Report each line of the records where "this" occurs.

Source data:

▬▬▬▬▬▬▬▬▬▬

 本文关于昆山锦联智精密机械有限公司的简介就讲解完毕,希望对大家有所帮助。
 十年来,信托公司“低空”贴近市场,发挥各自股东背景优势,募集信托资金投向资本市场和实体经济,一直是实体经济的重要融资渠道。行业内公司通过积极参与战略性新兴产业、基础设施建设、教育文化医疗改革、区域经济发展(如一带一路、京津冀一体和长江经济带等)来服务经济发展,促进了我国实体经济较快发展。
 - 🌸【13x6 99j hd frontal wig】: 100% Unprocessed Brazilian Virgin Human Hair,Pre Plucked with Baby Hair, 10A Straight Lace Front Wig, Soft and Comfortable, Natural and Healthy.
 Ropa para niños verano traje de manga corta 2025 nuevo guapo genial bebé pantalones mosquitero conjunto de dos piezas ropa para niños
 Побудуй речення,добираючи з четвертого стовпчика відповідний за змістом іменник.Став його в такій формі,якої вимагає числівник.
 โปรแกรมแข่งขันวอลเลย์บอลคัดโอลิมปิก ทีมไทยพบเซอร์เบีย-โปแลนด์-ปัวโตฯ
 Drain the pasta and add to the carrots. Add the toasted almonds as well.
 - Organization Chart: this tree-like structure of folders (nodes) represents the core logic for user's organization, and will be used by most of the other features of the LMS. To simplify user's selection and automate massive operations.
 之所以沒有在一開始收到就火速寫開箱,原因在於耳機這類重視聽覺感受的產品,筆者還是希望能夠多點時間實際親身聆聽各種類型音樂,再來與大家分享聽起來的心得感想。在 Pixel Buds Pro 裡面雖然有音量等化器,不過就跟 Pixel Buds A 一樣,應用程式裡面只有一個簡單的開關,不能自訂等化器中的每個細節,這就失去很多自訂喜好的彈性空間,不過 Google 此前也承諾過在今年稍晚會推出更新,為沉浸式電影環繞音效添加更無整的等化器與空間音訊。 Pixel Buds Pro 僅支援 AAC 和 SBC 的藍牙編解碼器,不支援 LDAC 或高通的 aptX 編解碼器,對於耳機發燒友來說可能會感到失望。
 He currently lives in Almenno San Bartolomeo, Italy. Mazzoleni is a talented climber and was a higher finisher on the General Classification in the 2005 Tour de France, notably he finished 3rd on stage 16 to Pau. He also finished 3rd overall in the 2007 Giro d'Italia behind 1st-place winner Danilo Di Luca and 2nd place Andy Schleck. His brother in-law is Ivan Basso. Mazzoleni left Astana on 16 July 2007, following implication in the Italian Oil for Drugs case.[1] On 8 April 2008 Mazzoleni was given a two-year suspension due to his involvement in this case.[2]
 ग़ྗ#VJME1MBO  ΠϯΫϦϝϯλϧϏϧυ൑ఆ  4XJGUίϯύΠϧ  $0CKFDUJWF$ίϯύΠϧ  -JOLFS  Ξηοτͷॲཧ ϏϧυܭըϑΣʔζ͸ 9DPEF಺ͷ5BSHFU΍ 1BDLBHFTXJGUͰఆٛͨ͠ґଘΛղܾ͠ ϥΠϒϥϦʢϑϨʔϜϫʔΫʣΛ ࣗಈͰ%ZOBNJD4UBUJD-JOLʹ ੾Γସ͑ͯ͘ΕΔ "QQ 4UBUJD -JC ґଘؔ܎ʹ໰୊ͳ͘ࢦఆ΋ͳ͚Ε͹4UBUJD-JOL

▬▬▬▬▬▬▬▬▬▬

## REPLY
 - Organization Chart: this tree-like structure of folders (nodes) represents the core logic for user's organization, and will be used by most of the other features of the LMS. To simplify user's selection and automate massive operations.
 He currently lives in Almenno San Bartolomeo, Italy. Mazzoleni is a talented climber and was a higher finisher on the General Classification in the 2005 Tour de France, notably he finished 3rd on stage 16 to Pau. He also finished 3rd overall in the 2007 Giro d'Italia behind 1st-place winner Danilo Di Luca and 2nd place Andy Schleck. His brother in-law is Ivan Basso. Mazzoleni left Astana on 16 July 2007, following implication in the Italian Oil for Drugs case.[1] On 8 April 2008 Mazzoleni was given a two-year suspension due to his involvement in this case.[2]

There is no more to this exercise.